Scientists at the University of California (United States) have revealed a new strategy for an RNA-based vaccine that is effective against any strain of a virus and safe even for babies and those with a weakened immune system.
The vaccine, how it works and a demonstration of its effectiveness in mice are described in an article published today in the scientific journal Proceedings of the National Academy of Sciences, according to a statement from the University of California – Riverside (UCR).
«What I want to highlight in relation to this vaccine strategy is that it is broad (…) applicable to any number of viruses, (…) effective against any variant of a virus and safe for a broad spectrum of people. This could be the universal vaccine we were looking for,” said Rong Hai, virologist at UCR and author of the article, cited in the statement.
Every year, researchers try to predict the four strains of the flu virus most likely to prevail in the next flu season and the updated vaccine should be taken annually.
The same happened with vaccines against SARS-CoV-2, the coronavirus that causes Covid-19, which were being reformulated to target subvariants of the dominant strains in circulation.
By targeting a part of the viral genome that is common to all strains of a virus, the new strategy will eliminate the need to create different vaccines.
“Traditionally, vaccines contain a live, killed or modified version of a virus. The body's immune system recognizes a protein in the virus and mounts an immune response", producing "T cells that attack the virus and prevent its spread" and "'memory' B cells that train the immune system" to prevent future attacks.
The vaccine now revealed “uses a modified live version of a virus”, but “does not depend” on the aforementioned immune response – so it can be taken by babies with an incipient immune system or by immunocompromised people –, but rather on small RNA molecules that silence the genes that cause the disease.
«A host – a person, a mouse, whoever is infected – will produce small interfering RNAs as an immunological response to the viral infection. These RNAi then kill the virus,” explained Shouwei Ding, professor of microbiology at UCR and main author of the article, cited in the statement.
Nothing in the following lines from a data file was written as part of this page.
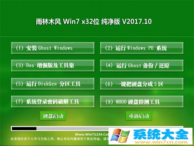 雨林木风GHOST Win7x32位纯净版V2017.10版本安装维护方便快速 -集成常见硬件驱动,智能识别+预解压技术,雨林木风GHOST Win7x32位纯净版绝大多数硬件可以快速自动安装相应的驱动。雨林木风
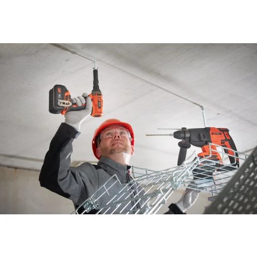 - Pose de vis Tapcon Rod M8 au plafond pour fixer des chemins de câbles ou des conduits de ventilation avec des tiges filetées
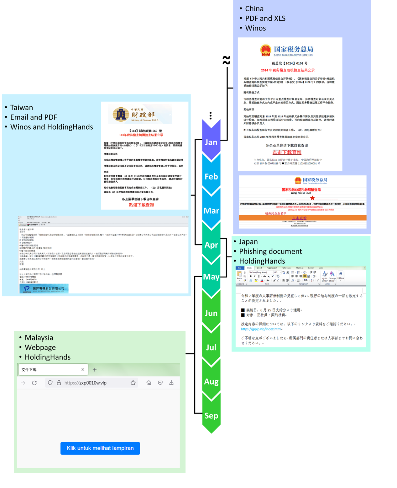 Later attacks utilized custom domains with regional naming patterns, such as including "tw" for Taiwan, to host the malware. A PDF that posed as a draft of a tax regulation for Taiwan redirected to a page in Japanese containing a HoldingHands payload ZIP.
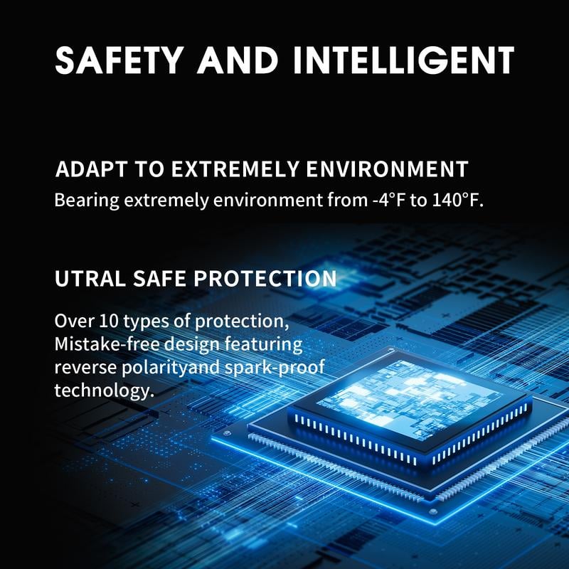 ă10 intelligenta och sĂ€kra skydd och stabil driftă: VĂ„r bilbatteristartare har 10 skyddssystem (omvĂ€nd polaritet, omvĂ€nd laddning, överdriven urladdning, omvĂ€nd anslutning, kortslutning, överbelastning, överström, överhettning, gnistmotstĂ„nd). Denna högeffektiva batteristartare garanterar din sĂ€kerhet under anvĂ€ndning och kan arbeta vid temperaturer mellan -30°C och 60°C, Ă€ven under extrema vĂ€derförhĂ„llanden.
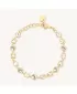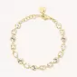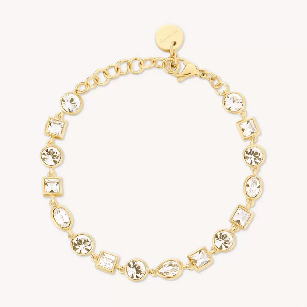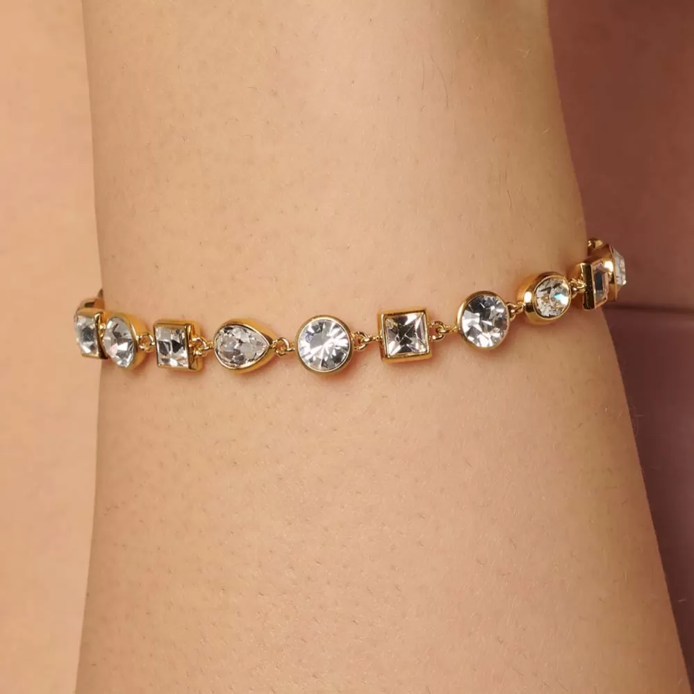 Náramok z vysoko kvalitnej nerezovej ocele, ktorá je opatrená PVD povrchovou úpravou vo farbe žltého zlata. Náramok zdobia prvotriedne kryštály Swarovski v bielej farbe. Dĺžka náramku je 15 cm, s využitím retiazky 4 cm, je možné náramok zapnúť v dĺžke 15 až 19 cm. Nastaviteľná dĺžka má úžasnú výhodu v tom, že nemusíte poznať presnú dĺžku náramku a obdarovaná osoba si dĺžku sama upraví podľa vlastných preferencií. Náramok sa zapína na spoľahlivú karabínu.
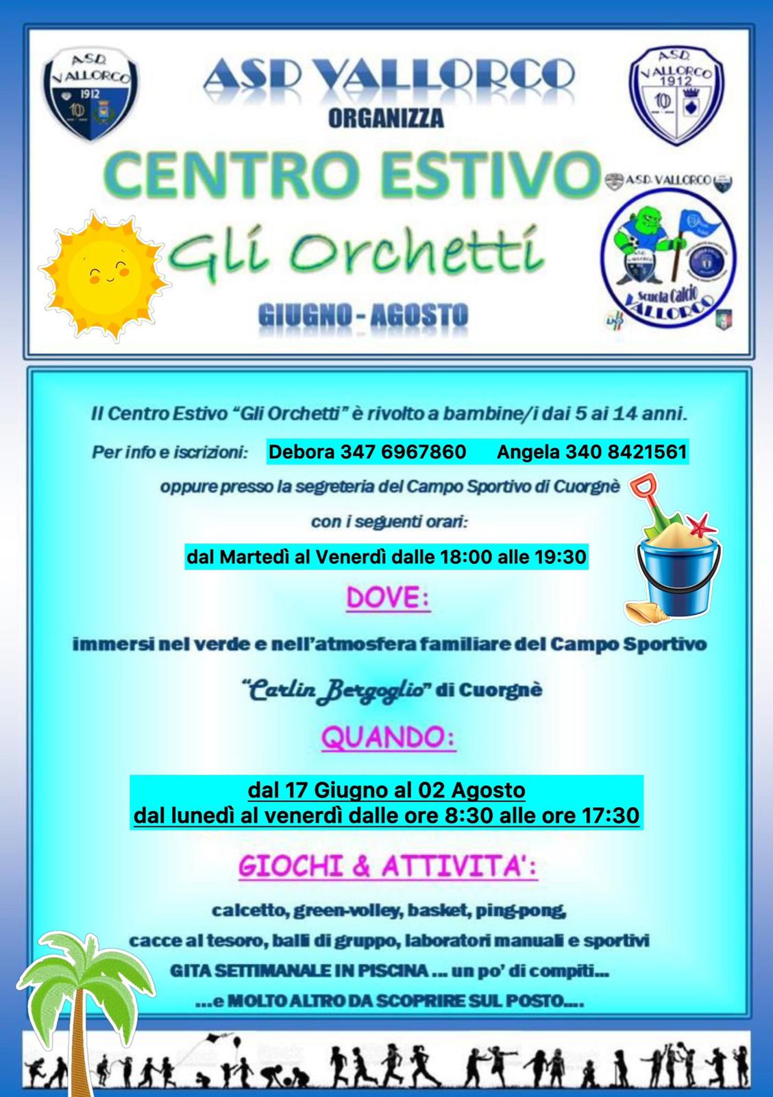 VALLORCO “GLI ORCHETTI”: dai 5 ai 14 anni; dal 17 giugno al 2 agosto; dalle 8,30 alle 17,30

Since viruses cause disease because they produce proteins that block the host's RNAi response, creating a mutant virus that cannot produce the protein to suppress RNAi weakens the virus.
"It can replicate to a certain extent, but then it loses the battle to the host's RNAi response," Ding said, adding: "a virus weakened in this way can be used as a vaccine to strengthen our RNAi immune system."
The new strategy was tested on mutant mice, lacking T and B cells, and it was found that with one injection of vaccine, the mice were protected from a lethal dose of the unmodified virus for at least 90 days (some studies show that nine days in rats are approximately equivalent to a human year). Even newborn mice produce small RNAi molecules, so the vaccine also protected them.
UC Riverside has already obtained a U.S. patent for this RNAi vaccine technology and the researchers' next step is to create a flu vaccine to protect children.
“If we are successful, they will no longer depend on their mothers’ antibodies,” said Ding.
Scientists say the chance of a virus having a mutation to avoid this vaccination strategy is still small.
“Viruses can mutate in areas not targeted by traditional vaccines. However, in this case, the target of the thousands of small RNAs is your entire genome. They cannot escape,” said Hai.
With a “cut and paste” strategy, researchers also believe they can make a single vaccine for any type of virus.
“There are several well-known human pathogens, such as dengue fever and SARS. They all have similar viral functions", so the new strategy "must be suitable for these viruses", said Ding.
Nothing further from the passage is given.